TASK PROMPT: Copy only what lies from the line containing "Crafted from pure" through the line containing "Havaların ısınması ve" in the entries below, keeping both end lines exact and dropping every picture.

(Entries taken from a collection)
★ ★ ★

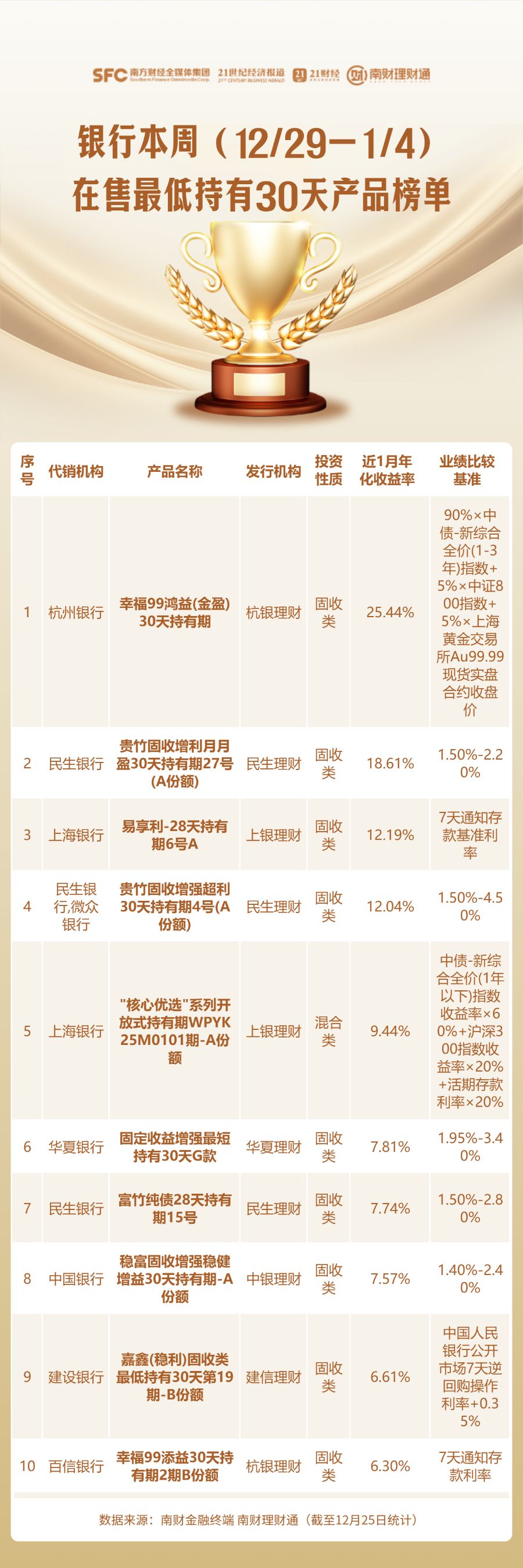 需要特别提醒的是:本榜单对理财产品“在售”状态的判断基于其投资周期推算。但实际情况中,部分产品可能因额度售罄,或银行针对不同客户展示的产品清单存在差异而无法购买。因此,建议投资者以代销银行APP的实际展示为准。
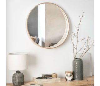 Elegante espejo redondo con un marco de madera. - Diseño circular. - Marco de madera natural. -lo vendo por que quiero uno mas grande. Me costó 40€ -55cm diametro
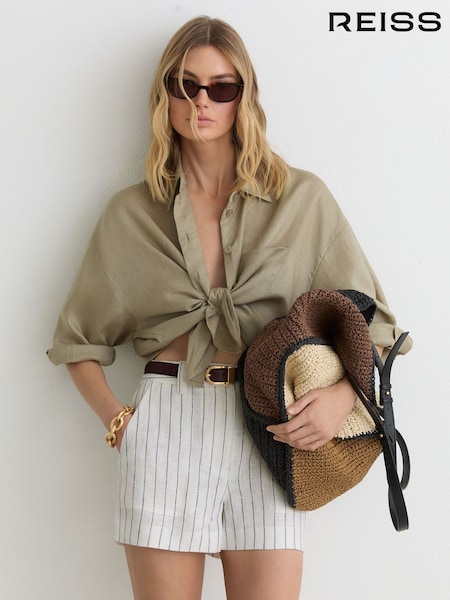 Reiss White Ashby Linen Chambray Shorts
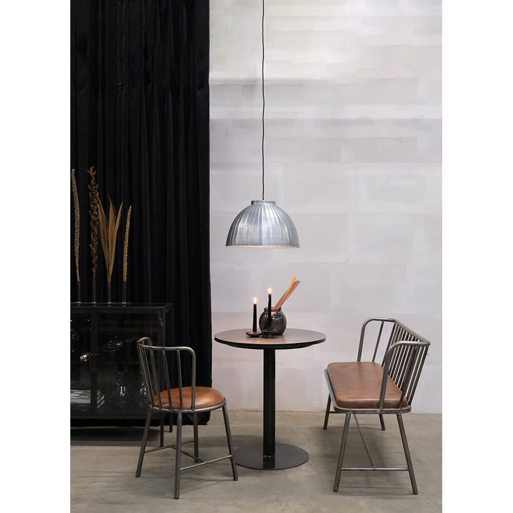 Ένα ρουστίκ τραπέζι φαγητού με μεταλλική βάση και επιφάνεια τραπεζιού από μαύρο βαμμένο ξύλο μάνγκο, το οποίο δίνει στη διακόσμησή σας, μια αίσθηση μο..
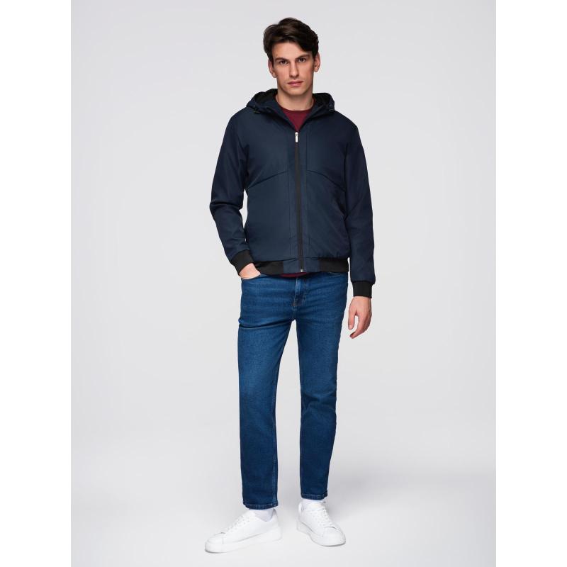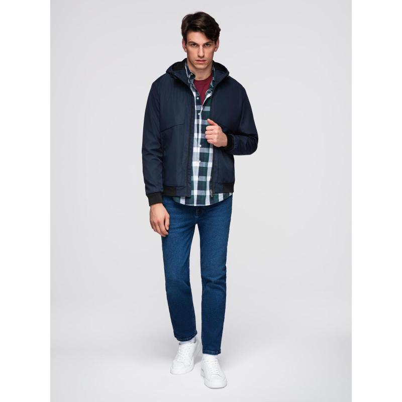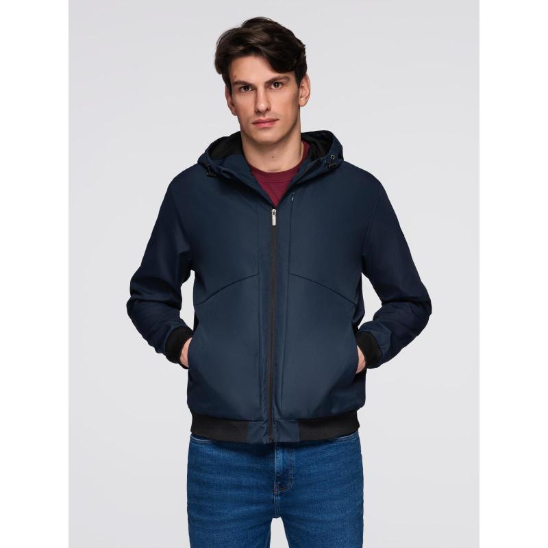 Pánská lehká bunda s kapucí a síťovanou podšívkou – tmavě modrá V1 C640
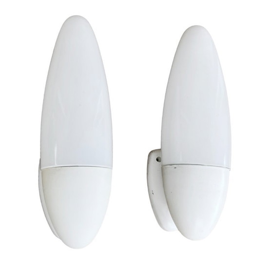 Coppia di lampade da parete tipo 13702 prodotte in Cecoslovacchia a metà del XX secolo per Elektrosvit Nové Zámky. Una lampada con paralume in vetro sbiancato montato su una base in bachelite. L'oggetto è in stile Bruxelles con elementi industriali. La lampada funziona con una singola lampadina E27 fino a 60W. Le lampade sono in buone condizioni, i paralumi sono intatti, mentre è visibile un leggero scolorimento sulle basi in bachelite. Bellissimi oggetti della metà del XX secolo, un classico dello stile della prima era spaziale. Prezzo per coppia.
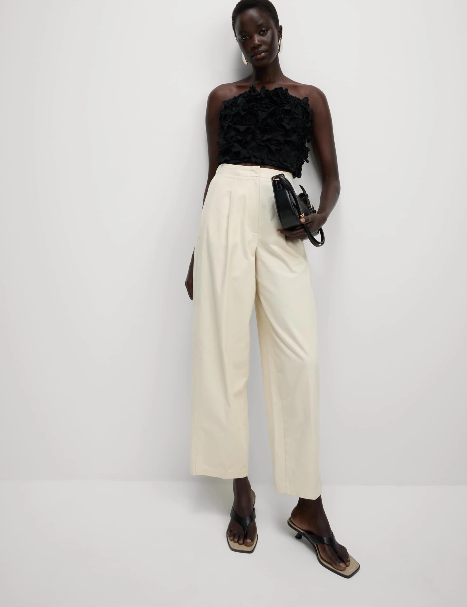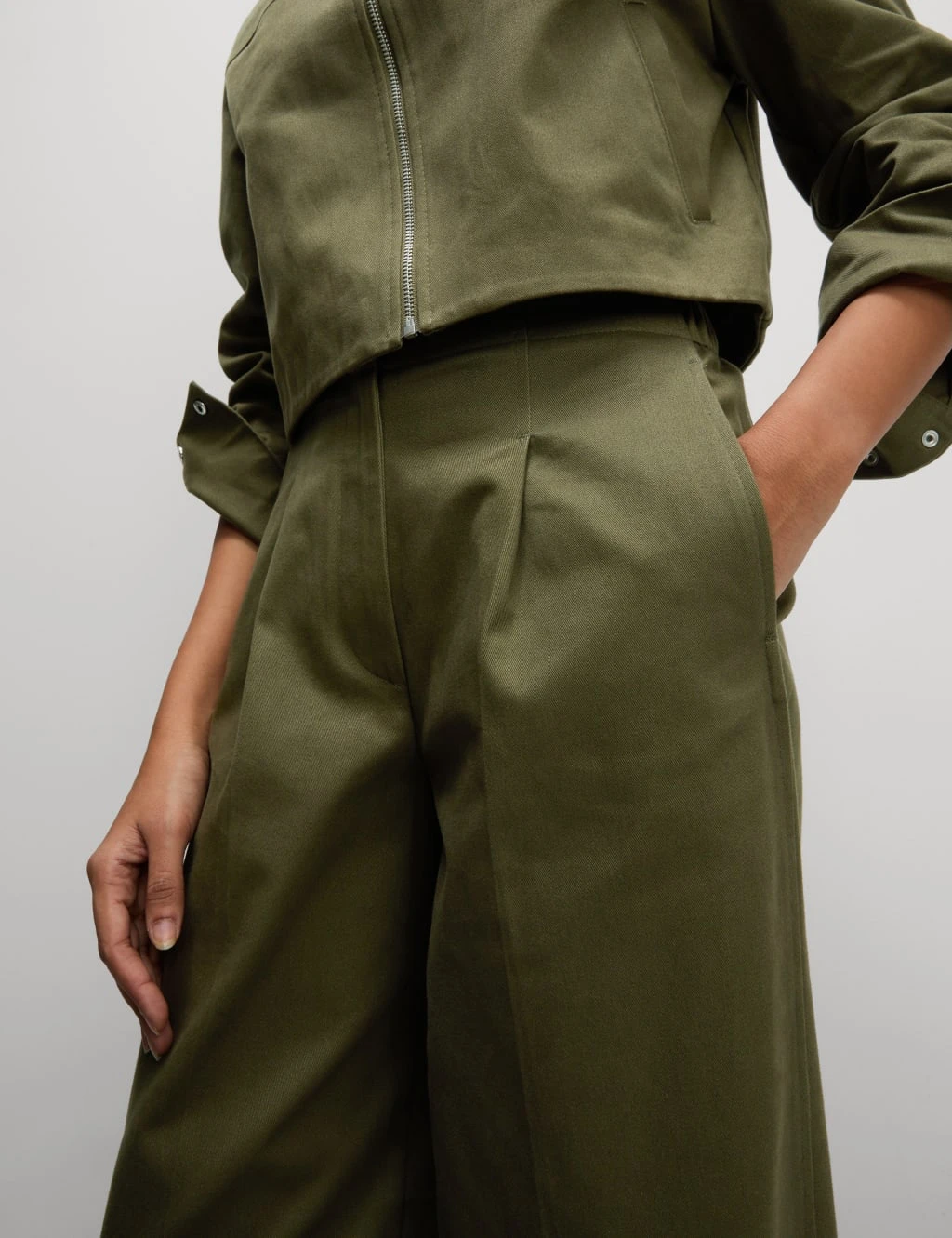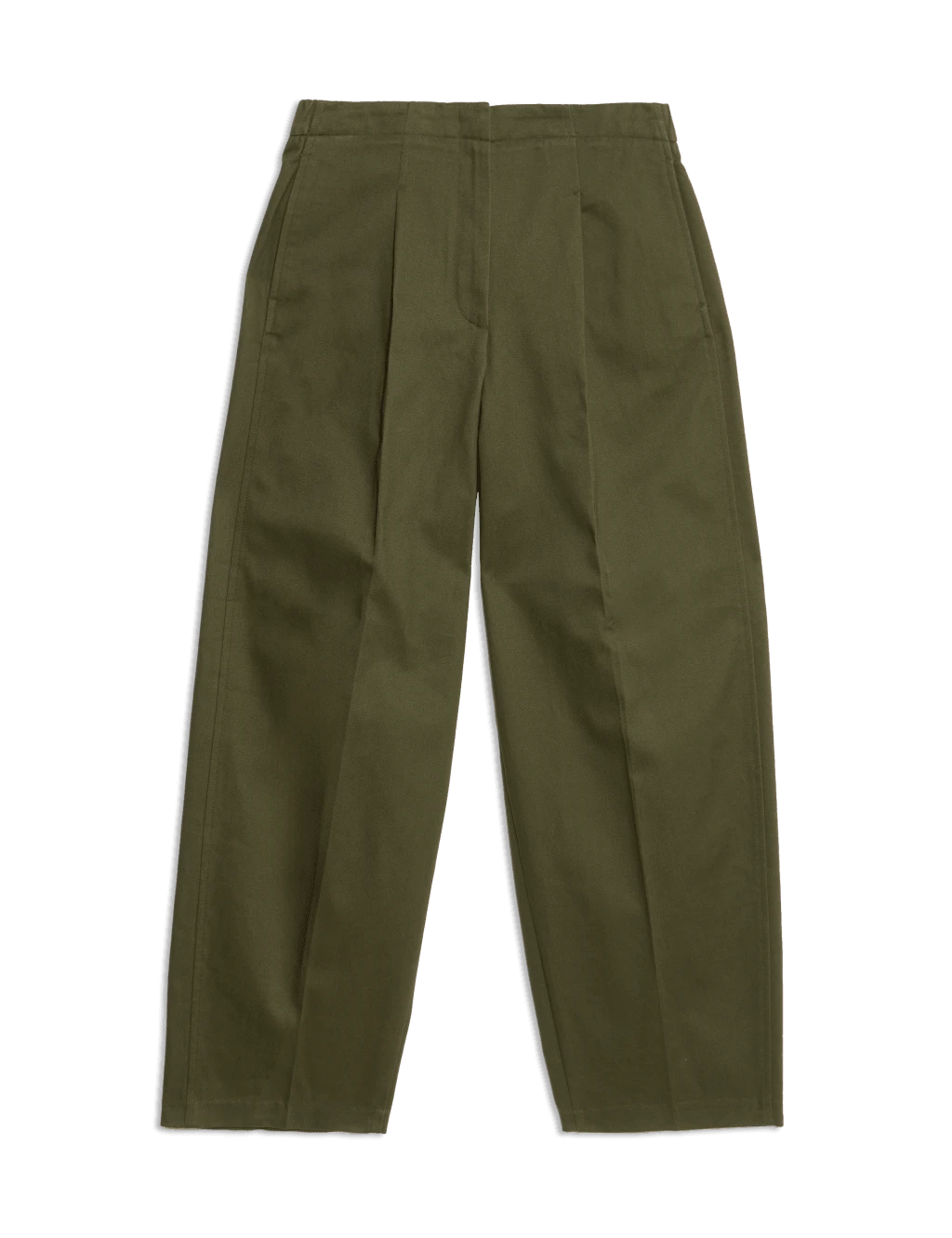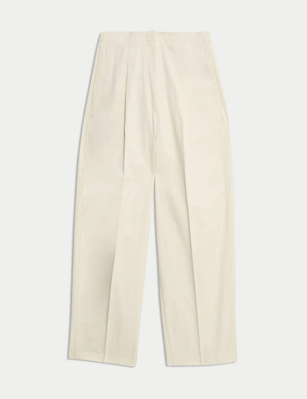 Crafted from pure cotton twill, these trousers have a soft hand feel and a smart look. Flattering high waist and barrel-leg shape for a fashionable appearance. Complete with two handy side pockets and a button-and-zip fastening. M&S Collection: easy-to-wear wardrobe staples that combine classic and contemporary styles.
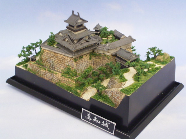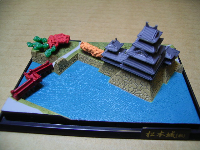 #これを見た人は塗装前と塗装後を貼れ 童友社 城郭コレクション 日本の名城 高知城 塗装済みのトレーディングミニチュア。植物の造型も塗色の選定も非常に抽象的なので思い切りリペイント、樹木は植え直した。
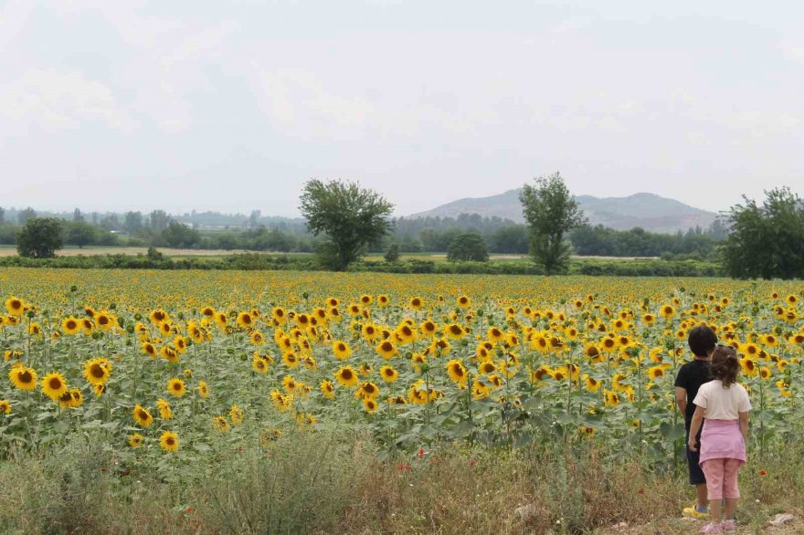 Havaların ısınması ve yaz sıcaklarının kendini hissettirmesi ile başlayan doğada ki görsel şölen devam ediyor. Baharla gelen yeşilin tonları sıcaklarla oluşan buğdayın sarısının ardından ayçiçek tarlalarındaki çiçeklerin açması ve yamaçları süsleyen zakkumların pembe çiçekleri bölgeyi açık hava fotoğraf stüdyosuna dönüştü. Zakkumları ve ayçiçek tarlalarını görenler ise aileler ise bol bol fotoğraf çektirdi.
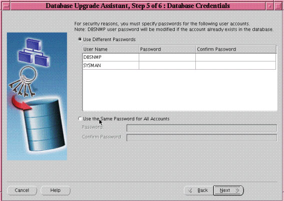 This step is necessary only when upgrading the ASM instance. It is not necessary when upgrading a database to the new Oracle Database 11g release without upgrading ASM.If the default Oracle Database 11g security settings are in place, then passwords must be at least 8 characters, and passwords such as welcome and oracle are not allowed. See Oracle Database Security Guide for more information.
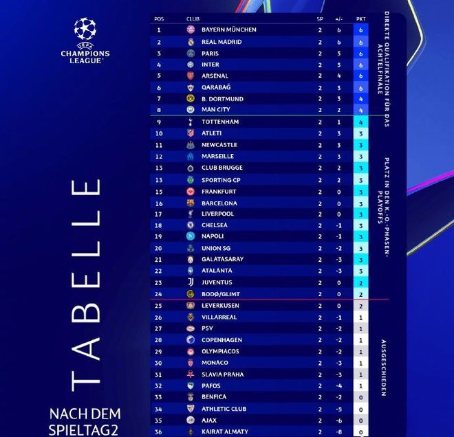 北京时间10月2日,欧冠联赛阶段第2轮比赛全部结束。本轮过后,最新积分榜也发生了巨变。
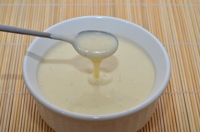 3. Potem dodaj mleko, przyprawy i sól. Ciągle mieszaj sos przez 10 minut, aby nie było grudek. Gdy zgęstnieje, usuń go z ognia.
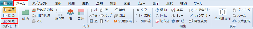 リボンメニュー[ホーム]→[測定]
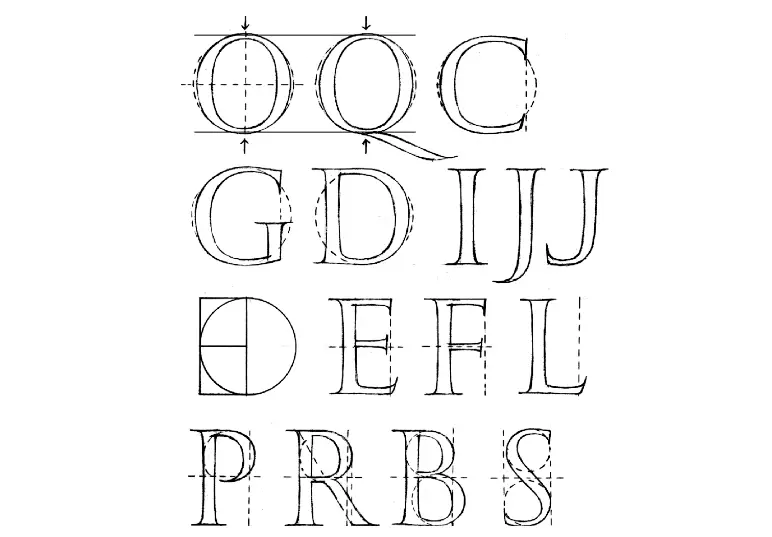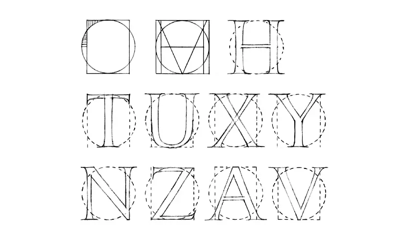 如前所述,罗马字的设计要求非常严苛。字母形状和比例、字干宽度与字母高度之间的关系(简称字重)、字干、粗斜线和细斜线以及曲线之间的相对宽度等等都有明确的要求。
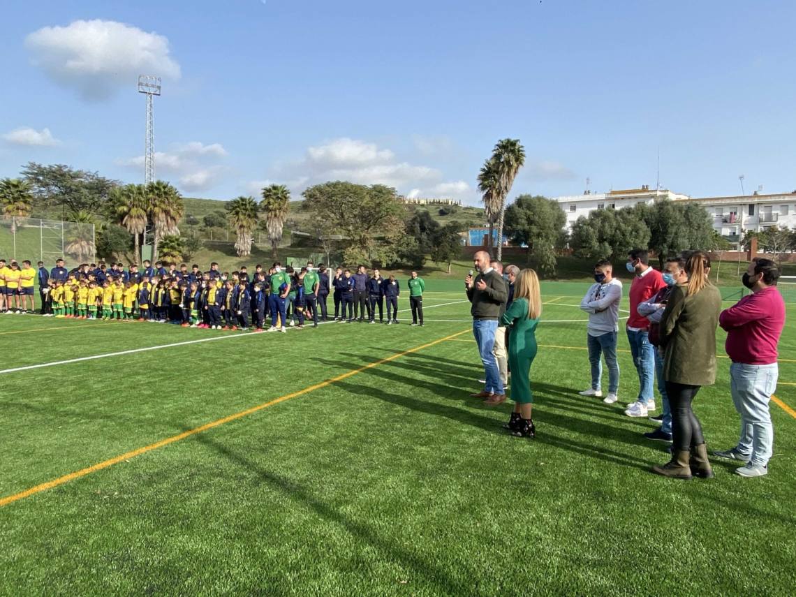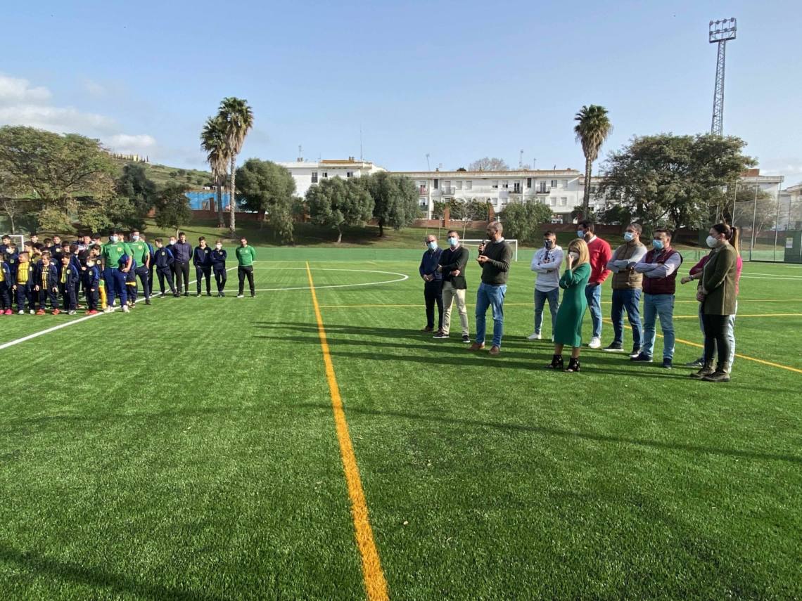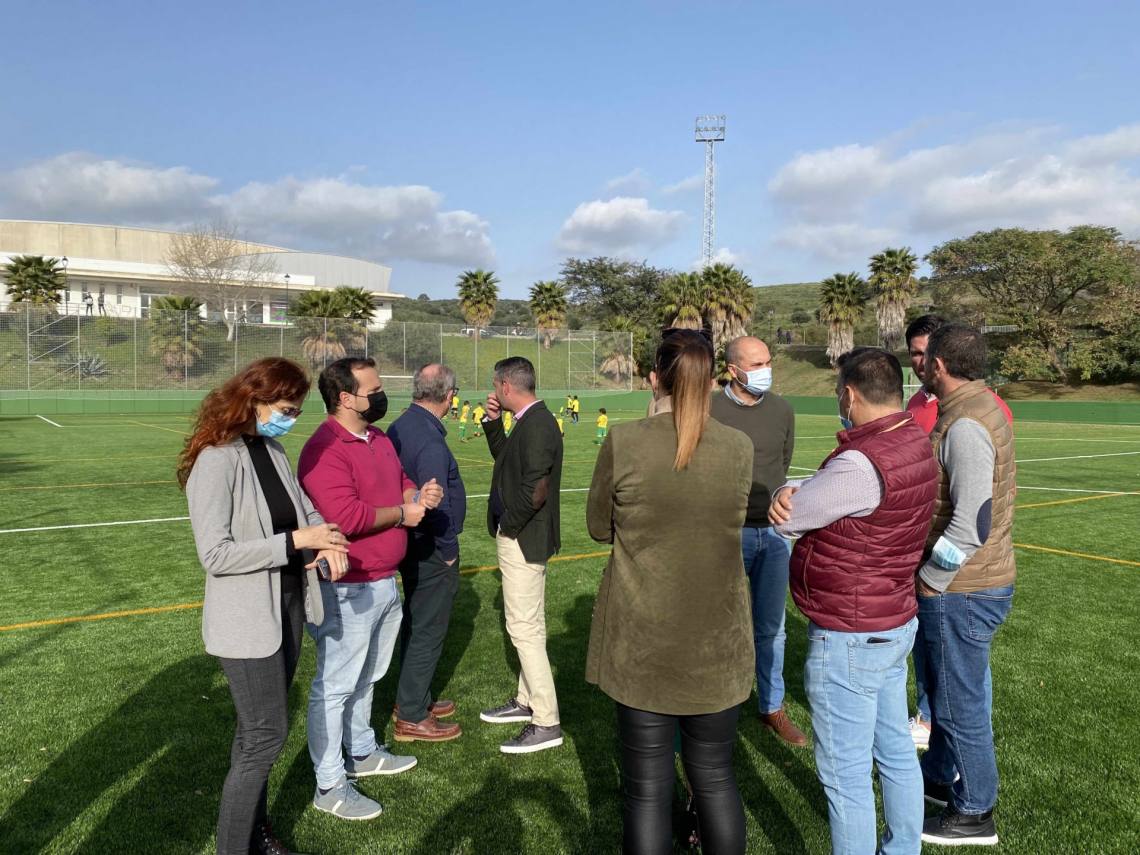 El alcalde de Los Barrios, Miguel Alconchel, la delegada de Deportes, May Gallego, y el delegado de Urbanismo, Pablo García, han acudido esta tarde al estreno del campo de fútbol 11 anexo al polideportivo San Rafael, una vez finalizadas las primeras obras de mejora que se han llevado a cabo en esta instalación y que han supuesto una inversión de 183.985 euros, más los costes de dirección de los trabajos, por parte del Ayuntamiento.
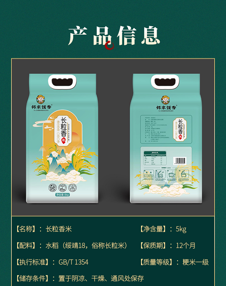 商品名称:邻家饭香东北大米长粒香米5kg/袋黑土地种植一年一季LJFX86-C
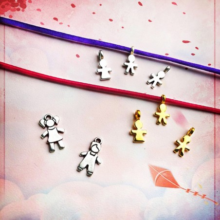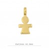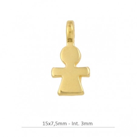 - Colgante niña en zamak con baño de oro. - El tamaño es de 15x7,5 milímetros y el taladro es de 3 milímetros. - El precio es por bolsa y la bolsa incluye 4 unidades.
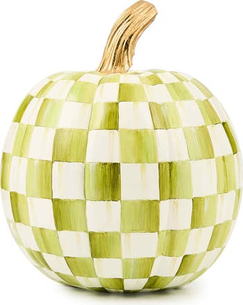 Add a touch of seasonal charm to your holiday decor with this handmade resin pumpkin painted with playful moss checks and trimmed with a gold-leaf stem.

★ ★ ★

YOUR SOLUTION:
 Crafted from pure cotton twill, these trousers have a soft hand feel and a smart look. Flattering high waist and barrel-leg shape for a fashionable appearance. Complete with two handy side pockets and a button-and-zip fastening. M&S Collection: easy-to-wear wardrobe staples that combine classic and contemporary styles.
 #これを見た人は塗装前と塗装後を貼れ 童友社 城郭コレクション 日本の名城 高知城 塗装済みのトレーディングミニチュア。植物の造型も塗色の選定も非常に抽象的なので思い切りリペイント、樹木は植え直した。
 Havaların ısınması ve yaz sıcaklarının kendini hissettirmesi ile başlayan doğada ki görsel şölen devam ediyor. Baharla gelen yeşilin tonları sıcaklarla oluşan buğdayın sarısının ardından ayçiçek tarlalarındaki çiçeklerin açması ve yamaçları süsleyen zakkumların pembe çiçekleri bölgeyi açık hava fotoğraf stüdyosuna dönüştü. Zakkumları ve ayçiçek tarlalarını görenler ise aileler ise bol bol fotoğraf çektirdi.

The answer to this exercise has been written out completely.